Procedural criminal law, or formal criminal law, specifies the procedures for enforcing substantive criminal law. It governs how criminal cases are investigated, prosecuted, adjudicated, and how penalties are implemented. In Switzerland, formal criminal law includes criminal procedure, rules of evidence, defendants' rights, and enforcement of judgments.

== Preliminary proceedings ==
Criminal proceedings are structured into preliminary and main proceedings, with a distinction made between the investigation procedure and the investigative phase within the preliminary proceedings. If an appeal is filed against a verdict in the main proceedings or if a revision is sought based on new evidence, appellate proceedings may be initiated.

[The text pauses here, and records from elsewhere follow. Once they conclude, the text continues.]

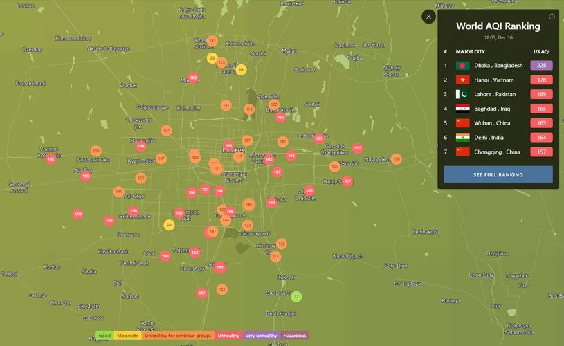 В 18.00 статус города отмечен как «нездоровый для чувствительных групп». Индекс качества воздуха, по данным сайта, составляет 147 (AQI).
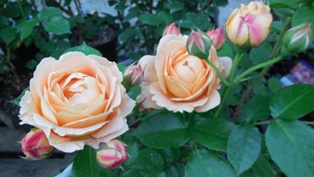 バラがいつもより早く満開です。今年お店に初登場の、デルバール社のバラ・ラ・ドルチェビータです。写真で見ていたより、なんとも優しい温かい色でした。蕾の付き方も優等生です。
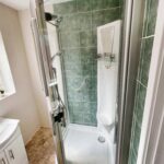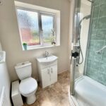 A modern three piece white suite comprising of a large walk-in shower unit, low level WC, wash hand basin with storage cupboard underneath, radiator, part tiled walls, ceiling point and UPVC double glazed side window.
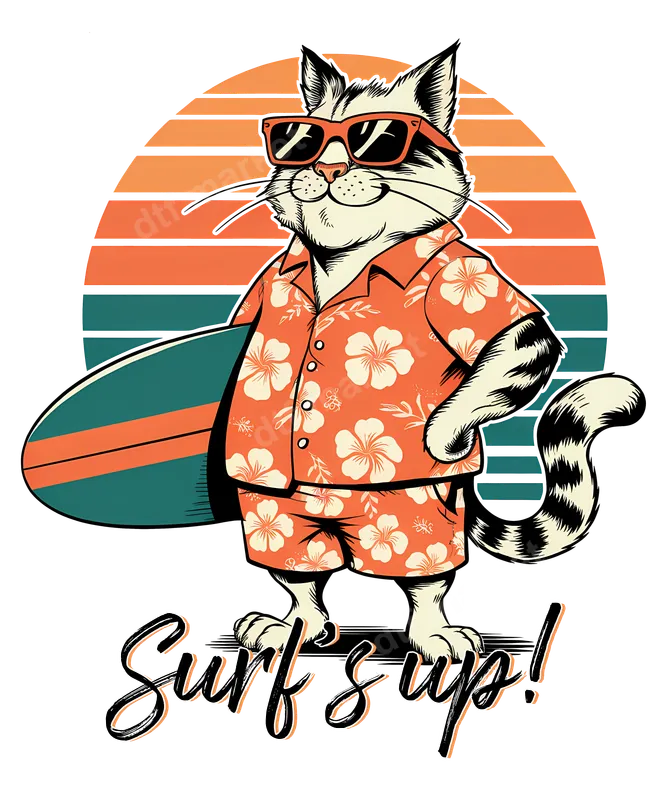 Surf Cat DTF Transfer - Retro Hawaiian Shirt & Surfboard Design

=== Investigation procedure ===
The investigation procedure commences with either a private or official complaint (Art. 300–302). During this phase, the police conduct investigations and may make provisional arrests (Art. 306). Crime scenes are examined by the police, who then forward their findings to the senior public prosecutor's office (Art. 307 para. 3). The public prosecutor's office is responsible for deciding on further investigative actions and may choose to discontinue proceedings (Arts. 309, 310). As the primary authority in the proceedings, the public prosecutor's office can initiate and carry out preliminary investigations even in the absence of police involvement. Individuals arrested during pre-trial proceedings have the right to legal counsel from the outset (Art. 159), owing their lawyer to be present during police questioning. Following the initial questioning of the accused, a request to inspect the files of the criminal proceedings may be made, provided that essential evidence has already been gathered by the public prosecutor's office (Art. 101). However, access to these files may be restricted if there are concerns about the potential abuse of this right, if the content poses a security risk to individuals, or if there are interests related to public or private secrecy (Art. 102 para. 1, 149 para. 2 lit. e).

=== Investigation ===
The public prosecutor's office is responsible for overseeing the investigation (Art. 61) and conducts interrogations of the accused and witnesses, either directly or through designated police members from the Confederation or the canton (Art. 142 para. 2). The Confederation or the canton may also authorize courts, the public prosecutor's office, and penal authorities to carry out various interrogations (Art. 142 para. 1). The public prosecutor's office gathers evidence from both the defense and the police (Arts. 311 and 313) in order to request coercive measures from the coercive measures court (Art. 224), such as remand. Any complaints regarding the actions of the police, the public prosecutor's office, or coercive measures are addressed by the appropriate federal or cantonal complaints authority (Art. 20). If no resolution is reached between the plaintiff and the defendant (Art. 316), the public prosecutor's office will make a determination on whether to proceed with an indictment or to discontinue the proceedings (Arts. 318, 319).

== Main proceedings ==
Upon receipt of the indictment, the court assumes authority over the proceedings based on the indictment and accompanying documents (Art. 328). If the court determines that a judgment cannot be issued based on these materials, it may abandon or suspend the proceedings or require the prosecution to supplement and correct the indictment and the files (Art. 329 para. 1-3). The prosecution is also allowed to amend the indictment if the court believes that the facts presented could constitute a different criminal offense. Additionally, it may include in the indictment any offenses that have come to light during the main proceedings, provided they fall within the court's jurisdiction (Art. 329 para. 4). Indictments that exceed the court's competence may be transferred to a competent court without appeal. A case may be dismissed by the court on all counts or individual counts upon the pronouncement of the judgment (Art. 329 para. 5).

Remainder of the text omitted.